The yeast with high sulfite-producing ability selected in the yeast selection method of the present invention is suitably used, for example, in brewing the above-mentioned alcoholic beverages. The selected yeast having a high ability to produce sulfite can also be selected as a yeast having a high ability to tolerate sulfite. Yeast with high sulfite tolerance is suitably used for brewing alcoholic beverages with high sulfite concentrations. Furthermore, by measuring the expression level of the polynucleotide encoding the mutant polypeptide of the present invention in the test yeast and selecting the test yeast with the expression level of the polynucleotide corresponding to the desired sulfite-producing ability, the desired sulfite-producing ability can be obtained. Yeast having a sulfite-producing ability suitable for brewing alcoholic beverages can also be selected.
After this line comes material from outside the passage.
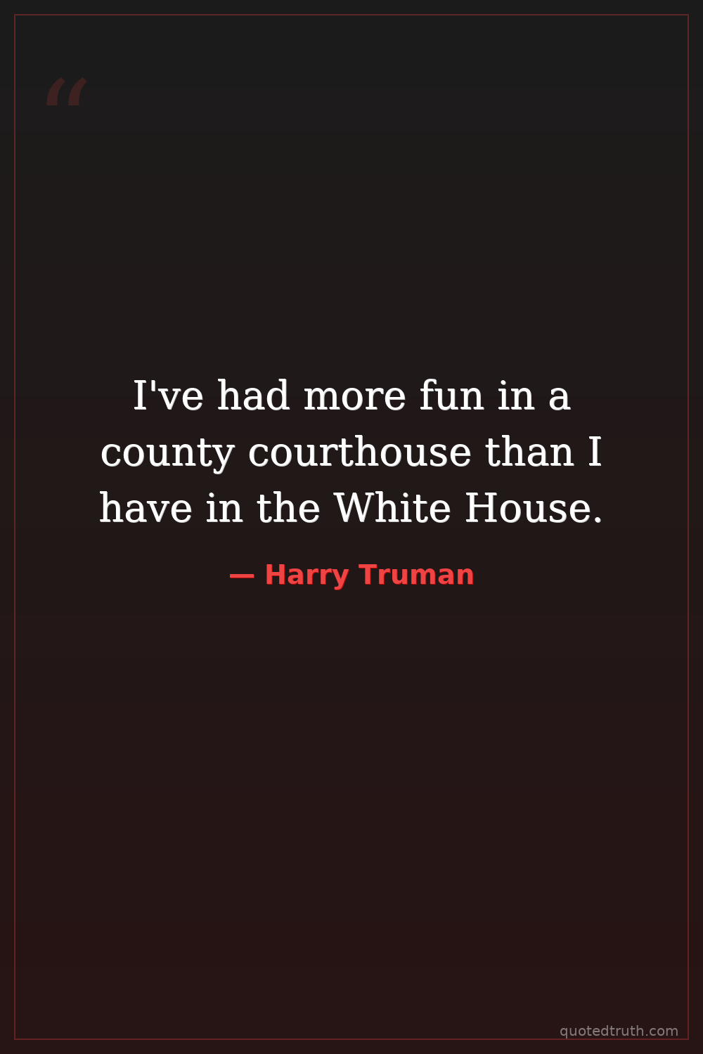 I've had more fun in a county courthouse than I have in the White House.
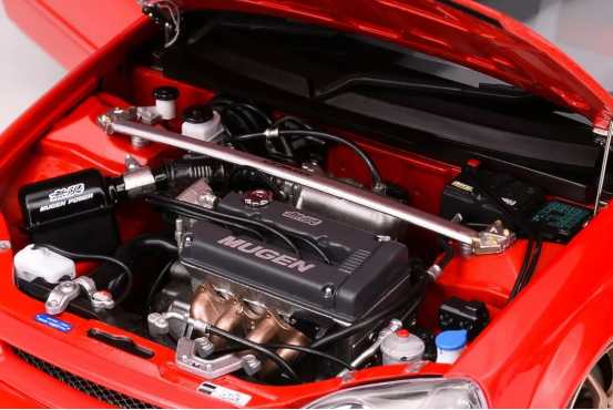 动力方面根据能够找到得到资料能够得知当年Mugen为这款车推出过整套进气套件、4合2合1排气焦(排气歧管)、运动中尾段排气、Mugen N1引擎ECU程序、加大散热水箱、油底壳等等。在MotorHelix的1/18模型上,这些改装件都得到复原。引擎本体还是那款B16发动机,只不过“盘头盖(气门室盖)”被喷成灰色,并印有“無限Mugen”字样。

EXAMPLES Hereinafter, the present invention will be explained in more detail with reference to Examples, but the scope of the present invention is not limited thereby.
The molecular biological techniques used in the examples followed the method described in Molecular Cloning (Sambrook et al., Cold Spring Harbor Laboratory Press, 2001), unless otherwise detailed.

<Example 1>
Extraction of candidate amino acids ScSSU1 of Saccharomyces cerevisiae S288C strain (hereinafter also referred to as S288C strain) is SbSSU1 (Sb type SSU) possessed by Saccharomyces pastorianus, a lager beer yeast. Sulfite encoded by one gene The sulfite excretion ability (sulfite excretion activity) is lower than that of polypeptides with excretion ability (polypeptides with excretion ability).
The amino acid sequence of ScSSU1 of S288C strain (SEQ ID NO: 2) and the amino acid sequence of SbSSU1 of Saccharomyces pastorianus WEIHENSTEPHAN 34/70 strain (also referred to as WH34/70 strain) (SEQ ID NO: 4) were aligned using ClustalW. , extracted candidate acid residues contributing to activity. As pairwise alignment parameters, open gap penalty=10.0 and extend gap penalty=0.1 (default parameters).
FIG. 1 is a diagram showing a sequence alignment of the amino acid sequence of SbSSU1 of the WH34/70 strain (upper row) and the amino acid sequence of ScSSU1 of the S288C strain (lower row).
As a result of alignment, it was found that SbSSU1 (SEQ ID NO: 4) and ScSSU1 (SEQ ID NO: 2) showed 79% (362 residues) sequence identity, and there were 96 different amino acid residues between them (Fig. 1).

<Example 2>
Creation of SSU1 mutants Among the different amino acid residues between SbSSU1 of SEQ ID NO: 4 and ScSSU1 of SEQ ID NO: 2, we focused on 11 amino acid residues (including continuous parts) and introduced SbSSU1 type amino acid substitution mutations into ScSSU1. went. The base sequence of the polynucleotide encoding ScSSU1 of SEQ ID NO: 2 is shown in SEQ ID NO: 1, and the base sequence of the polynucleotide encoding SbSSU1 of SEQ ID NO: 4 is shown in SEQ ID NO: 3.
(1) ScSSU1 mutant The following amino acid substitution mutations were introduced into the amino acid sequence shown in SEQ ID NO: 2 as the ScSSU1 mutant. Below, the non-mutated amino acid (amino acid residue in SEQ ID NO: 2 or 4 before substitution) is written before the number of the substitution position, and the amino acid after the mutation is written after the number of the substitution position, Mutations that substitute amino acids are described (amino acids are represented by one letter). For example, a mutation that replaces methionine at position 19 with valine is written as M19V.
(1-1) Single amino acid substitution mutant M19V (ScSSU1-M19V)
A52T (ScSSU1-A52T)
H89Y (ScSSU1-H89Y)
Y164H (ScSSU1-Y164H)
N175H (ScSSU1-N175H)
C194G (ScSSU1-C194G)
L258V (ScSSU1-L258V)
V269I (ScSSU1-V269I)
G390A (ScSSU1-G390A)
(1-2) Continuous mutation substitution mutant Substitute amino acids 110-124 with the sequence 110-124 of SbSSU1 of SEQ ID NO: 4 (ScSSU1(110-124))
Replacement of amino acids 198-216 with the sequence 198-216 of SbSSU1 of SEQ ID NO: 4 (ScSSU1(198-216))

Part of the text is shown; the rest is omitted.